The Mac filesystem can detect simple bit errors and will retry a few times, so Steve decides to write a few 6(unit) bursts at tactical places - 50% of the time, they'll get read incorrectly and the Mac will retry and 50% it'll read correctly and everything will be fine. When it has to retry, it's a 50% chance it'll get it right the second time and so on...

When you nibble copy them however, the copier will read the disk once, and won't understand the bits and so won't notice the errors and retry, so where there was a "wobbly" bit, there's now a bit fixed in the wrong position.

Hurrah! Woz had uncopyable disks.

But how could he copy them for his own use..?

Well, he realises that if you heat the material enough, you get electromagnetic(?) transference between one of his special-format disks and a fresh disk. (This is apparently some property of magnets in general).

For about a week, Woz is hardly seen - he's sitting in his office with a hair-dryer trying to heat the disks up enough to transfer the data. He has a big pile of molten floppies next to him...

Apologies to Steve Wozniak and anyone who attended at O'Reilly OpenSource 2000 for the hideously innaccurate transcription of the tale... :)

Hanssen

[El+Cabri]

In other news, the FBI has not yet commented on reports that civilians touring the FBI HQ had actually conducted Philip Hanssen's screening interview.

Technological whiz

[Ukab+the+Great]

He can even upload space station instructions to androids. How do you think the rebels got the plans for the death star so easily?

track 40

spludge wrote: track 40 floppy writing (?)

Guess you weren't around in the 80's... 5 1/4" diskettes are usually formatted to have 40 tracks, numbered 0-39. But the disk drives can usually seek to track 40 or 41 without a problem. This lets you hide secret shit that DISKCOPY.EXE and so on won't pick up.

AFAIK it was first used as a rather weak copy protection scheme (you saw this a lot on the C64, at least...) and later on as a way to transmit viruses between floppies.

(Disk-based copy protection got more sophisticated, and used deliberately written errors, misalignment of the head, etc. in a vain attempt to confound the "pirate" copying programs.)

Interesting to see this used with some success against the feds... maybe they could have learnt a bit more from the phreaks after all. *grin*

forgetting about "innocent until proven guilty"?

[zyqqh]

> ... Robert Philip Hanssen, an FBI agent
> that spied for Russia for 15 years,...

Uhm.

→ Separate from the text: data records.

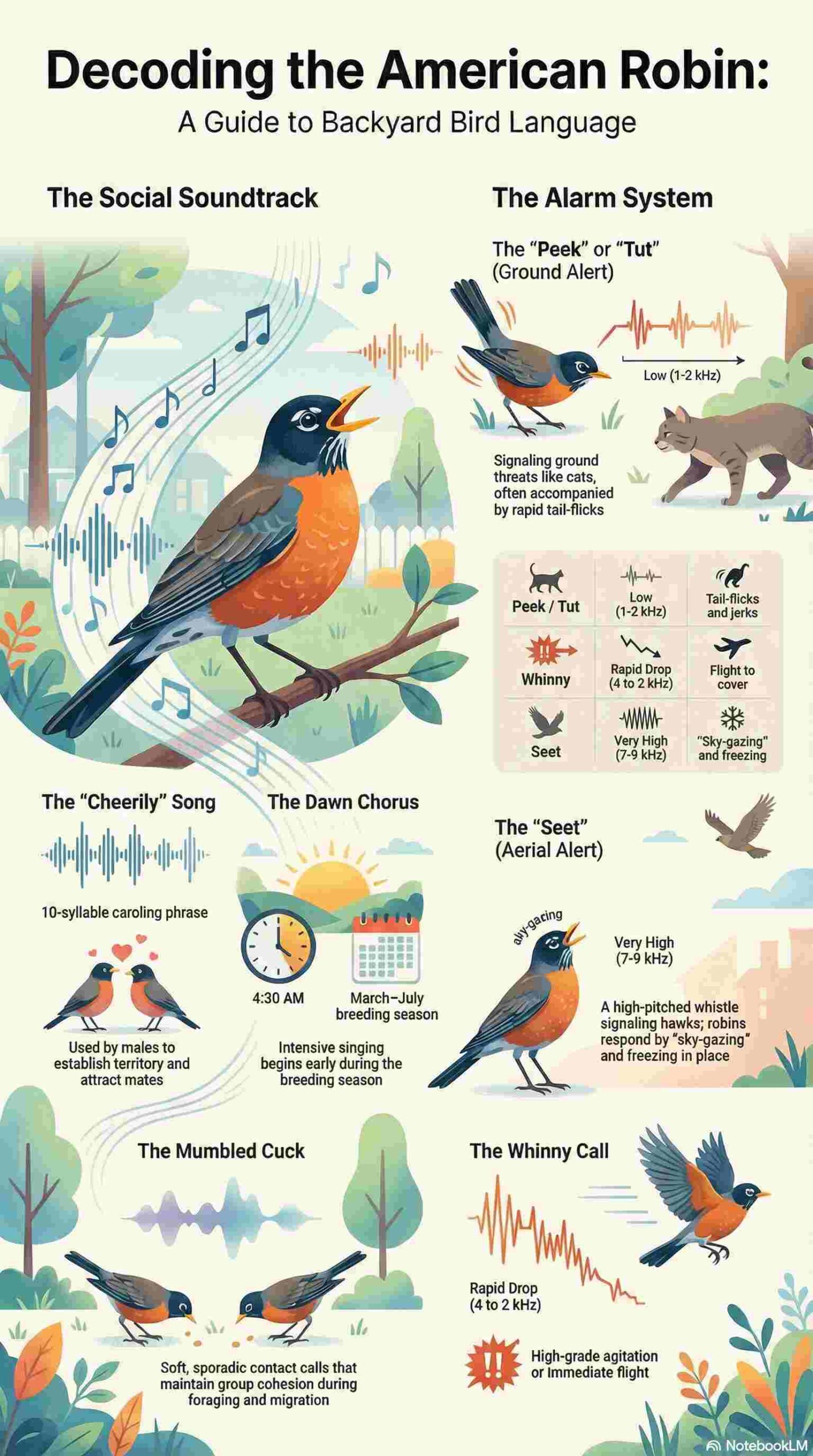 To help you identify these birds in the field, I’ve created a quick-reference infographic below. This visual ‘cheat sheet’ summarizes the 7 key American Robin vocalizations and their meanings, making it easy to decode backyard bird language in seconds.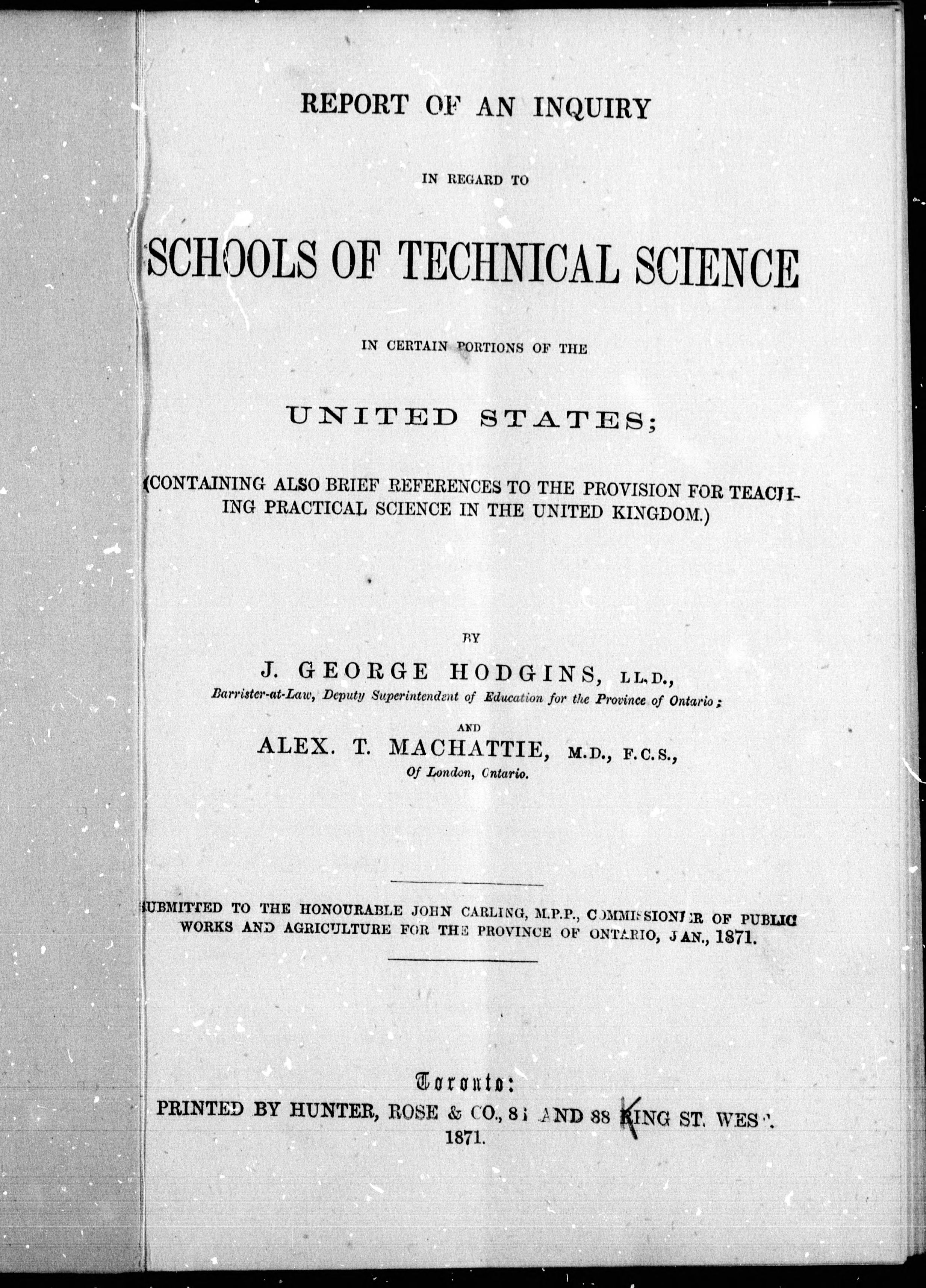 "Submitted to the Honourable John Carling, M.P.P., Commissioner of Public Works and Agriculture for the Province of Ontario, Jan., 1871."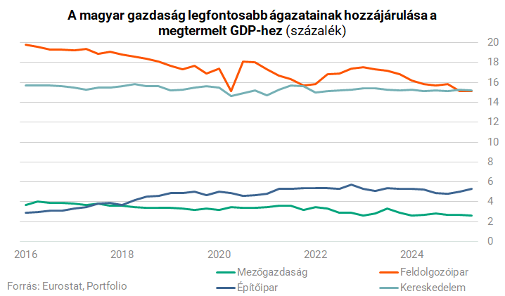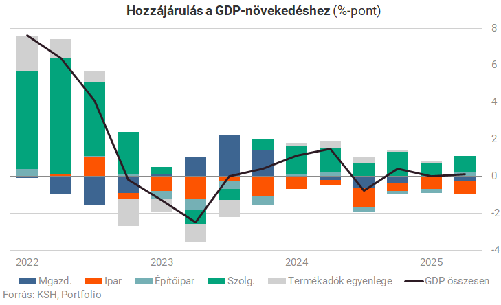 A GDP termelési oldalát vizsgálva szintén szembetűnő, hogy az ipari termelés már évek óta visszafogja a magyar gazdaságot. Bár a hatás ingadozó, éves viszonylatban jellemzően 0,5-1 százalékponttal csökkenti az ipar rossz teljesítménye a magyar gazdaság bővülését.

There's a certain principle in western law, commonly known as "innocent until proven guilty." Making implicit assumptions as to the otherwise on front page /. story isn't exactly a nice thing to do (not that /. claims journalistic credibility, but a lot of people tend to assume it).

He's done this already...

[mav[LAG]]

Maybe not with Quake but definitely in another game. Consider the cryptic yet almost understandable meanings of the following phrases:

• Somone set up us the bomb
• We get signal
• Main screen turn on
• How are you gentlemen !!
• All your base are belong to us

Go and read the correspondence between Hanssen and his KGB controllers and note how these phrases convey the exact meaning of what correspondence passed between them.

The last phrase is definitely the most disturbing. Was it sent before he was caught or after? I think we should be told.